RecipeShare: Chicken thighs with apricots and garbanzos
Recipe from Zehorit Heilicher, cook and cooking class instructor in Minneapolis
Serves 4 people
Your gift of $15 buys a family in need groceries to make a healthy meal.
Ingredients
- 1 whole chicken, cut up
- 2 tablespoons olive oil
- 1 medium onion, minced
- 2 tablespoons minced garlic
- 1/2 cup minced dried apricots
- 15 ounces canned garbanzo beans, drained
- 2 teaspoons saffron threads, ground
- 3 cups chicken stock, heated
- 1-cup currants
- 1/2-cup pine nuts
- Salt and pepper
- 1 1/2 cups of long grain rice
Directions
- In a 12″ oven safe sauté pan with cover, heat olive oil.

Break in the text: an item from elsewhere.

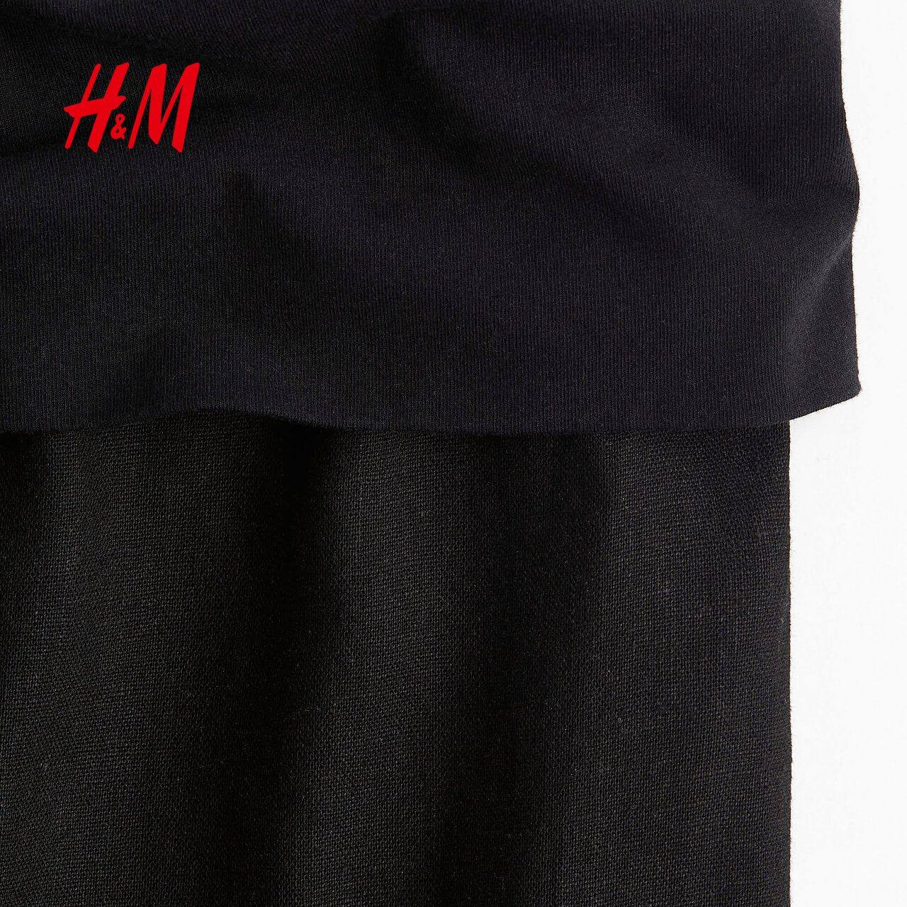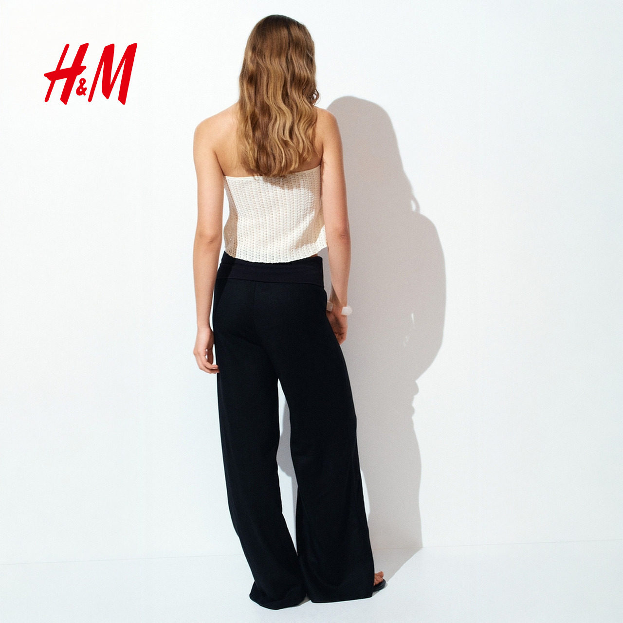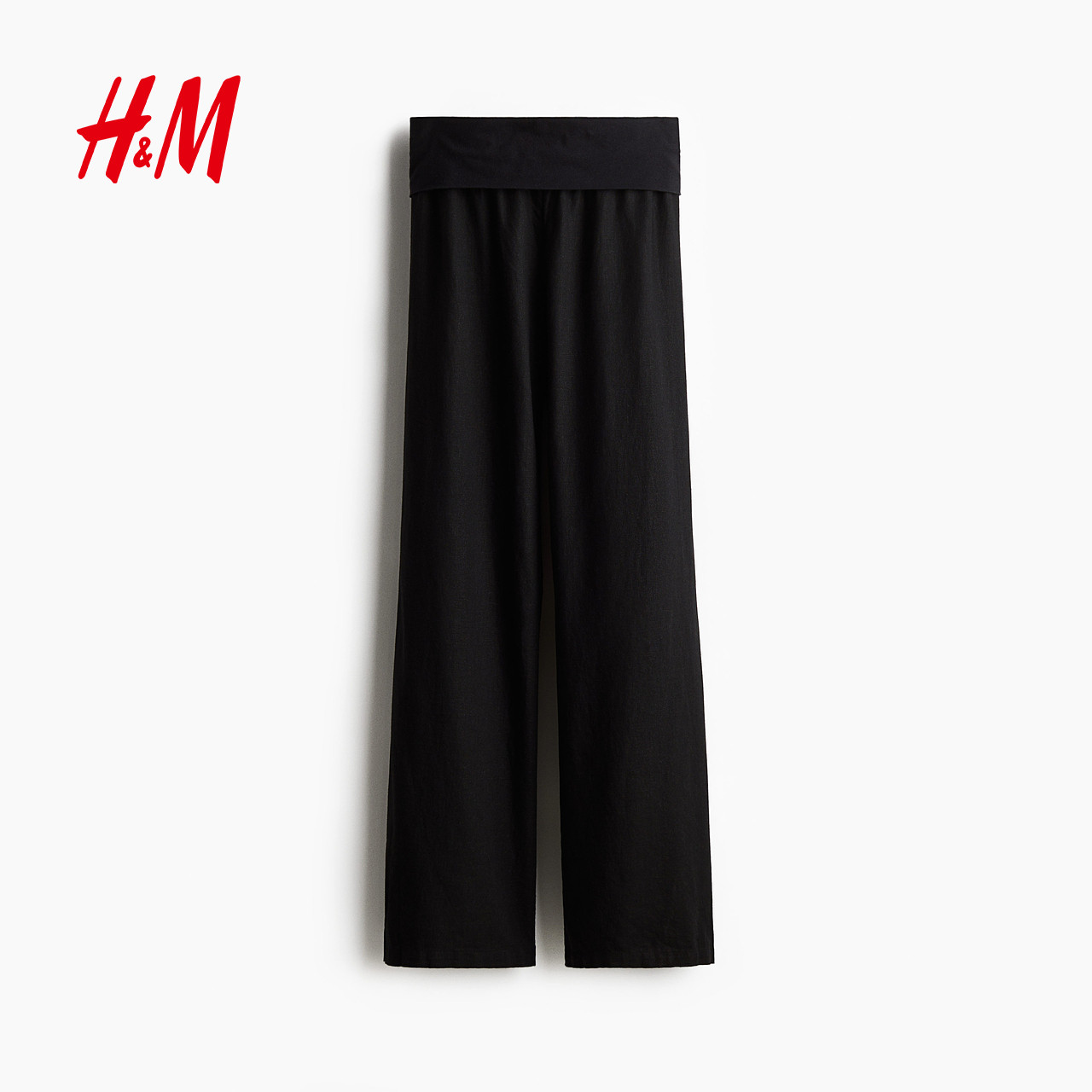 HM女士休闲裤2025年冬季新款翻折腰亚麻混纺阔腿长裤1262017

Season the chicken with salt and pepper and brown in the pan uncovered, about 2-3 minutes per side. Set the chicken aside. Heat the oven to 350 degrees F while the chicken is browning.
- Add the onion, the apricots and garlic to the pan and sauté until fragrant. Add the rice and saffron and sauté for 3 minutes more. Season with salt and pepper and then pour in the hot chicken stock. Stir gently to combine well and then add the garbanzo beans. Bring the mixture to a boil and then lower the heat to simmer, top the rice with the chicken pieces spread out evenly and cover. Place in the oven and bake for 30-40 minutes.
- Check the rice on occasion and add more broth if the rice seems too dry.
- While the chicken is baking, heat a small frying pan over medium heat and add the currants. Pour 2-3 tablespoons of water onto the currants to plump them up and cook until all liquid has evaporated. Add the pine nuts and cook for a couple more minutes until the nuts are lightly browned.
- Before serving, sprinkle the currant-pine nut mixture over the rice and the chicken. Serve hot.
- Alternatives: instead of saffron use 2 teaspoons cumin and 1 teaspoon dried oregano; instead of pine nuts and currants use fresh minced Italian parsley to sprinkle over the chicken.
About the recipe author
Zehorit was born in Israel to a Yemenite immigrant family. Growing up in multi-cultural Givat Olga, she experienced Israel’s rich ethnic diversity through food and celebration. After serving in the Israeli army and attending Tel Aviv University, Zehorit came to Minneapoils to work in a summer camp where she met her husband. Since then Zehorit has been raising her 4 children, teaching cooking classes in both the Jewish and the general communities and volunteering. Zehorit brings to the kitchen her Mediterranean roots, her passion for healthy and flavorful dishes and her love of people and storytelling. Teaching in the Twin cities for the past 10 years, she shares her appreciation for the way in which culture, geography and history shape our food and the way we gather to eat it.